Given records: Begin
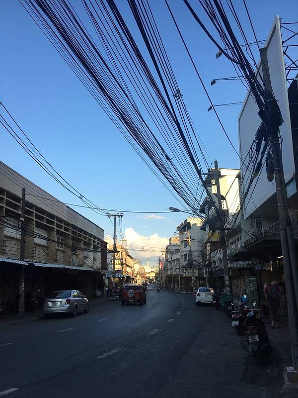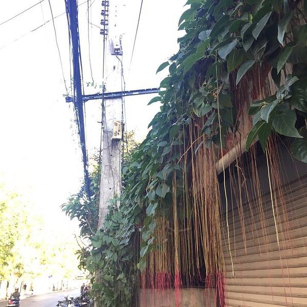 蝶豆花没有任何味道,饮料就是糖水。面条有淡淡的咸味,猪肉也很嫩,很惊喜。很多店会用这种气生根装饰,下面是鲜嫩的粉红色,上面是黄色,很好看。阳光明媚的远方街道脏乱的恰到好处,想起梁博的日落大道,那种公路和阳光带来的迷惘
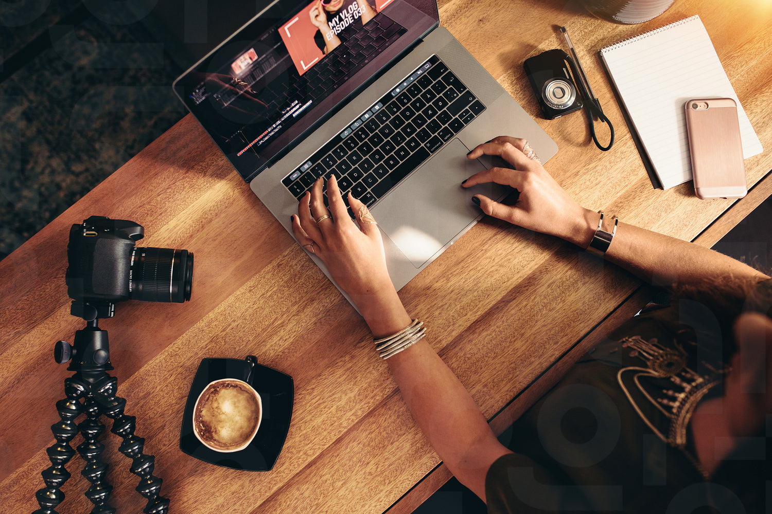Top view of female vlogger editing video on laptop. Young woman working on computer with coffee and cameras on table.
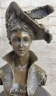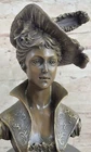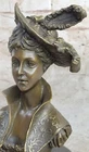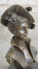 Condition : This sculpture is in perfect condition. Bronze Dimensions with Marble Base: Height 9" X Width 5" Marble size: Diameter 3 1/2" Height without base:7" Weight:5 LBS Inventory:76-DS4063367 This exquisite bronze bust captures the elegance and charm of a young woman from the 1900s, embodying the refined fashion and sophistication of the era. Her graceful features, from her delicately sculpted face to her intricately styled hair, evoke the beauty and poise of a porcelain doll. Topping off her look is a gorgeous, wide-brimmed hat, adding an air of timeless elegance. She is dressed in a high-collared blazer that complements her form-fitting corset, accentuating the fashionable silhouette of the time. The careful attention to textile details and drapery brings the sculpture to life, making it a captivating tribute to vintage style. The warm brown patina finish enhances the depth and realism of the piece, ensuring its preservation and lasting beauty. Handcrafted using the ancient lost wax method, this 100% bronze sculpture stands as a testament to traditional artistry and fine craftsmanship. Mounted on a sleek black marble base, it provides a striking display of contrast and refinement. Signed by the renowned artist Milo, this stunning bust is a perfect addition to any collection, celebrating the grace and sophistication of a bygone era. Edwardian Era Fashion Bronze Metal Bust of Young Woman in Feathered Hat DS-406 Video will open in a new window Using the eBay App? Paste link into a browser window: [isdntekvideo]
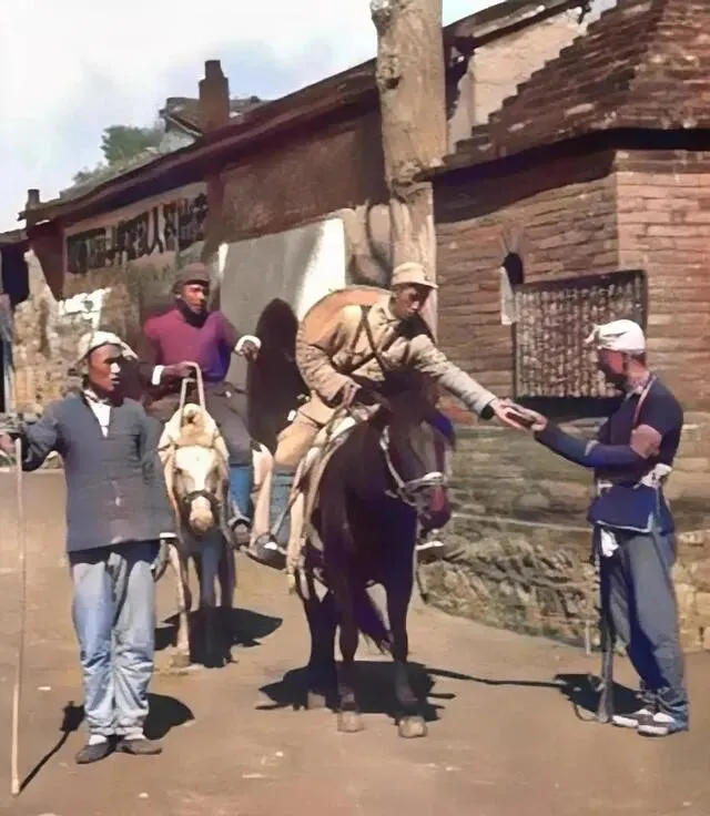 自行车在那个年代是稀罕物 , 摄影师正好拍下了这一幕。
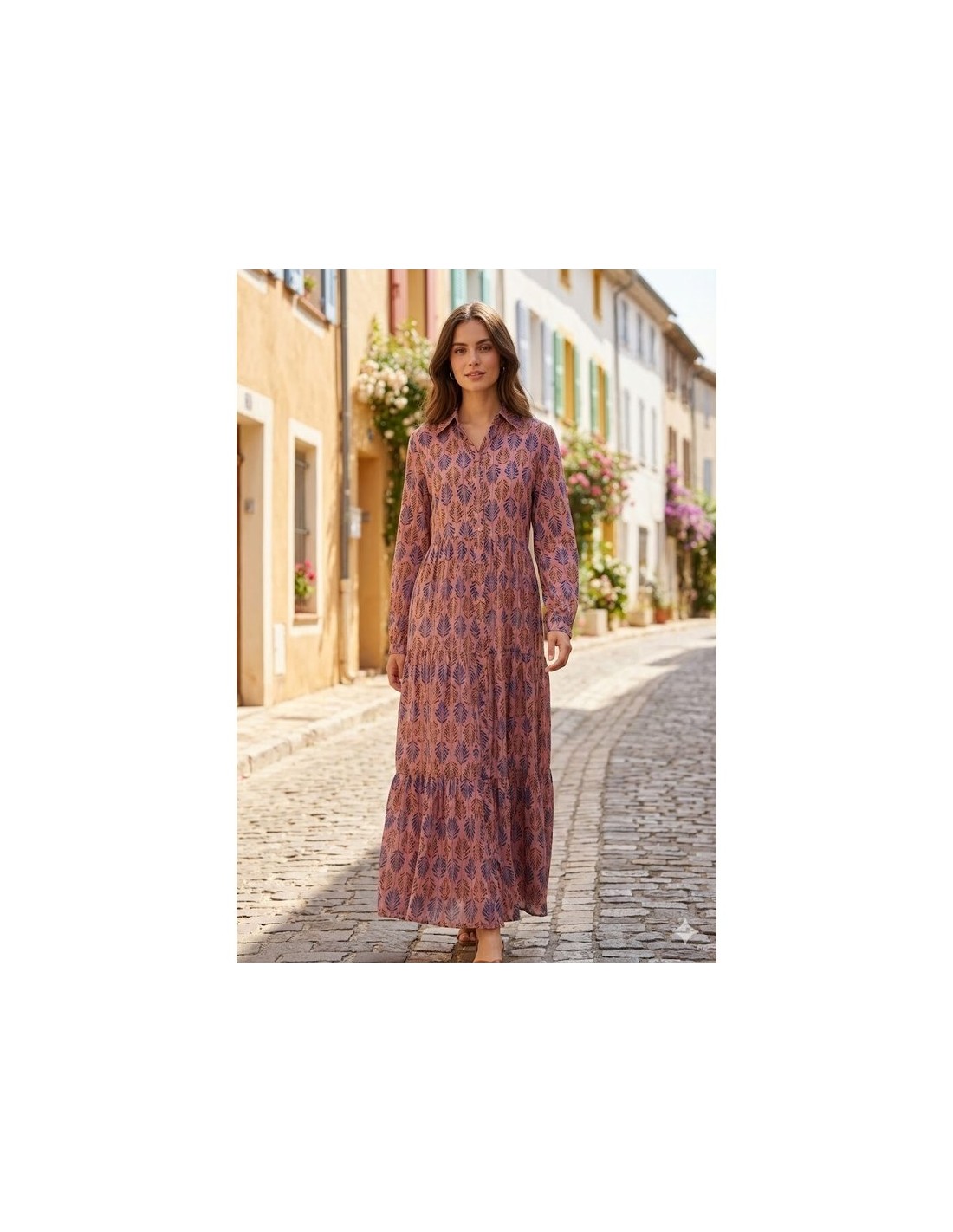 Vestido largo , de manga larga, estilo camisero, con abotonadura en la parte delantera
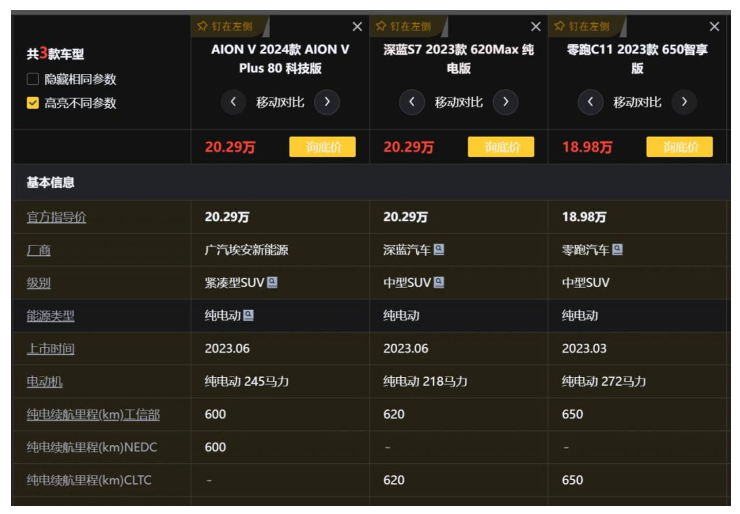 数据显示,零跑主力销售产品从2022年“老头乐”的T03,切换至B级SUV的零跑C11上,3月份还推出了B级轿车(零跑C01)。零跑当下的产品售价区间已调整至15-20万区间。价格调整方面,8月零跑汽车旗下C11、C01部分车型售价进行调整,最高下调2万元。对比同级的零跑C11、AION V、深蓝S7,看以看到,纯电车同级对比下,零跑在续航、汽车空间、智能化配置上与其他产品相近。但便宜1万出头的价格,让零跑C11获得了更高的竞争力。
Given records: End
• [Task details]: Start at the top of the entries and repeat each line exactly, ending at the line that contains "Top view of". Pictures are not part of the copy.

• [Written solution]:
 蝶豆花没有任何味道,饮料就是糖水。面条有淡淡的咸味,猪肉也很嫩,很惊喜。很多店会用这种气生根装饰,下面是鲜嫩的粉红色,上面是黄色,很好看。阳光明媚的远方街道脏乱的恰到好处,想起梁博的日落大道,那种公路和阳光带来的迷惘
Top view of female vlogger editing video on laptop. Young woman working on computer with coffee and cameras on table.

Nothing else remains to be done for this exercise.